In 1950 Lempi Ikävalko and much of her family moved into the Villa Anneberg ("Annalan kartano" or "Annala"), a historical (completed in 1832) manor house with formal gardens on a hill on the outskirts of Helsinki, in the Arabianranta area of old Helsinki, part of "Vanhakaupunki", the neighborhood where the city was founded in 1550. Artists, writers and other creative personalities gathered at the hilltop villa, plays were staged in the ballroom, holiday celebrations involved the wider community, and the house also served as a gallery for Lempi Ikävalko's son, Johannes Ikävalko, an art dealer. It was a time of creative exploration and Lempi tried everything that fortune permitted. For a time, when she was already 50 years of age, Lempi performed with a traveling troupe in Finland and Sweden as a dancer partnered by a large boa constrictor (which lived with the rest of the family at Villa Anneberg).

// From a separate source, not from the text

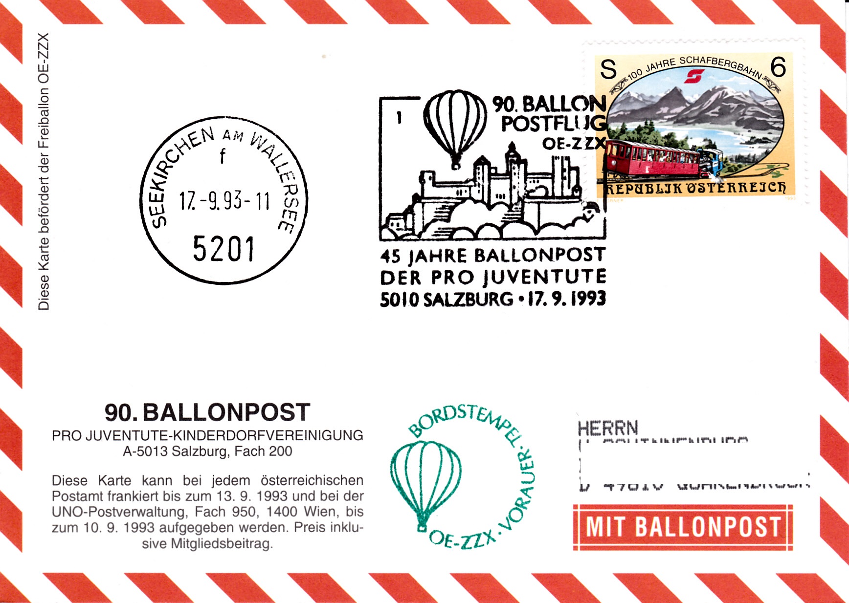 Diese Karte wurde am 17.9.1993 in Salzburg für den 90. Ballonpostflug der Österreichischen Pro Juventute mit dem Freiballon OE-ZZX aufgegeben. Sie erhielt den Sonderstempel mit der Kennziffer "1" aus Salzburg zu diesem Ballonflug und wurde am gleichen Tag mit dem Freiballon OE-ZZX befördert. Sie erhielt zusätzlich einen Tagesstempel Seekirchen am Wallersee und einen Bordstempel.

In the mid-1950s Lempi Ikävalko started visiting the United States where she eventually spent more than three decades as a journalist, writer and frequently-consulted expert on Finnish emigration communities. She worked as an editor and writer at daily Finnish-language newspapers serving the Finnish immigrant communities in America. She wrote for Finnish journals in Lake Worth, Florida (at Amerikan Uutiset) and in Duluth, Minnesota (at Industrialisti); but the longest of these engagements was at the Finnish daily Raivaaja (The Pioneer) in Fitchburg, Massachusetts—a city of 40,000 residents with a large proportion of Finns.

Considered an important voice on Finnish emigration (often motivated by what has been characterized as the Nordic dream of tropical utopias), especially regarding South America as a destination, Lempi Ikävalko regularly visited Finnish settlements in Brazil, Paraguay and other Latin American countries. She was interviewed for Towards a Better World: Finnish Utopian Settlements from the 1700s till today (Otava, Helsinki 1985. ISBN 951-1-08551-4) by Teuvo Peltoniemi. It is a book examining the history and the prospects of the Finnish search for a better life, and Lempi herself authored many newspaper articles on related topics. Her work with the Finnish community in Penedo, Brazil, was particularly noted. A colorful personality and an inspiring speaker, she is remembered for the unique combination of clear-headed analytical intellect and a passion for exploring new places and ways of life. Curious and fearless to the last, she travelled alone in remote regions of S. America into her eighties. She spent the last 10 years of her life living in Helsinki. In 1994, aged 93, she died in a rest home in the Helsinki neighborhood of Käpylä - surrounded by drafts of poems, reminiscences and scattered pages of her as yet unpublished autobiography. The Finnish government-funded Siirtolaisinstituutti (Institute of Migration) in the port city of Turku, Finland keeps an archive of some of Lempi Ikävalko's letters, articles, photos and memorabilia.